そうそう簡単に暁の手に九尾は渡らずに済むだろう。
そしてサスケのそばには…と、先日木の葉の里で再会し、千鳥をうならせながら自分に向かってきたサスケの姿を思い出す。
おそらく今の木の葉で最も強い忍であろう、はたけカカシのオリジナルの術。
暗部でともに従事したときに幾度となくその技を見てきたイタチにとって、その技の会得の難しさはよくわかる。
そしてカカシがその術に何か深い思い入れがあることも、共に過ごす中で感じていた。
それをサスケが使っていたという事は、カカシがどれほどサスケを想い、寄り添ってくれているか。
イタチは安堵の息を漏らした。
カカシの強さとその人柄はイタチもよく知っているのだ。
感謝します。カカシさん…
窓の向こうに、里とサスケを想い描き目を細める。
と、その時…
「お父さん…お母さん…」
水蓮が不意につぶやき、イタチはドキリとした。
両親の夢を見ているのか…
初めて会った時のことを思い出す。
両親の死に混乱する水蓮を見て、イタチはあの時思わず「見たのか」と聞いた。
思い出したからだ。サスケを…
両親の死を目の当たりにした者がどういう感情を見せるのかが気になった。
何を見て、何を感じ、そして笑う事が出来るのか。
共に行動する水蓮に、イタチは度々サスケを重ね合わせてみていた。
無意識にその手が水蓮に伸び、触れる。
サスケと同じ黒い髪…
そして、少し広めの額…
笑う時に柔らかく膨らむ頬…
そっと触れてゆく。
柔らかい…
指の背で撫でる頬の柔らかさにイタチの表情が【無】を浮かべる。
何もかもが一瞬だけ【無】に戻った。
「ようやく起きたのかい」
突然に飛んできた声に、イタチはすべての物を取り戻し、スッと手を引く。
「気分はどうだい?」
デンカとヒナをひきつれて、ネコ婆が部屋に入ってきた。
「だいぶいいです」
その表情はすでに元に戻っている。
「すっかりご迷惑をおかけしてしまい、申し訳ありません」
ネコ婆は、隣のベッドから布団を取り水蓮にかける。
「まったくだよ。久しぶりに来たと思ったら、この子を置いて行って、戻ってきたらこの様だ」
「すみません」
「謝るならこの子に謝りな。必死だったよ」
「そうだぜ、まったく」
デンカがひょいっと水蓮の肩に乗る。
その様子にイタチの表情が少し揺れるのを見て、デンカは「起きやしないよ」と笑った。
「この感じならあと2時間は起きないフニィ」
ヒナがベッドに飛び乗り、水蓮の頬にすり寄る。
「そうか…」
よほど疲れているのだろうと思いながら、自分の知らぬところで、水蓮がずいぶんここに馴染んでいたのであろうことを感じる。
「それで…」
ネコ婆の表情が少し硬くなる。
「お前これからどうするんだい?」
イタチは窓の外を見つめ答える。
「時を待ちます」
その身に静かな空気が集まってゆく。
目には見えない静寂。
それがイタチの足先から髪の先まで…すぅっとまとわりついてゆく。
「サスケか…?」
ネコ婆のその言葉は、問いかけであって問いかけではなく。どこか悲しげな色を含んでいる。

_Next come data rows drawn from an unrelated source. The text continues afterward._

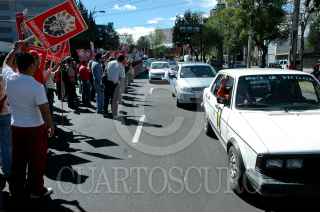 MÉXICO, D.F., 04DICIEMBRE2009.- Un grupo reducido de simpatizantes y miembros del Sindicato Mexicano de Electricistas marcharon desde el cruze de Constituyentes y Reforma con destino al Monumento a la Revolución como parte de las acciones de resistencia que realizan para exigir la derogación del decreto de extinción de Luz y Fuerza del Centro. FOTO: RODOLFO ANGULO/CUARTOSCURO.COM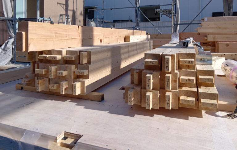 建方を待つ材木たち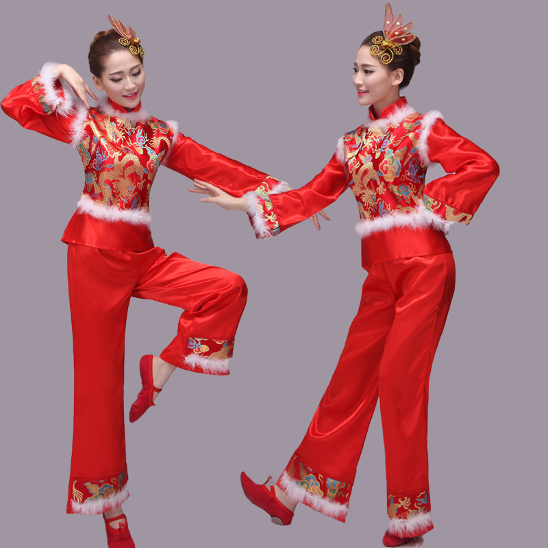 秧歌舞服演出服扇子舞蹈服装秋冬中国风腰鼓打鼓服喜庆广场舞新款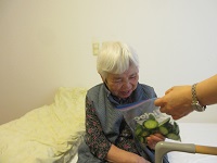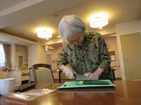 まずは入居者の方に、近くのまいばすけっとに買い物に行っていただき、長芋、きゅうり、みょうがを買ってきました。その後長芋、きゅうり、みょうがを切っていただき浅漬けの素で漬けています。お部屋にいた方にお願いし、もみ込んでいただきました。さあ、夕食をお楽しみに!

「奪った者と奪われた者が相まみえるとき、それがどういう事なのか覚悟の上なんだね…」
イタチの周りに集まった空気が今度は冷たさを帯びてゆく。
「はい」
微塵の揺れもない瞳。
いかなる言葉も無力。
ネコ婆は「そうか」と、ただ一言だけ答えて、デンカとヒナを連れて部屋から出て行った。
ドアの閉まる音と同時に、水蓮が「お父さん…お母さん…」とまたそうつぶやき、その瞳から涙がこぼれ、頬を伝った。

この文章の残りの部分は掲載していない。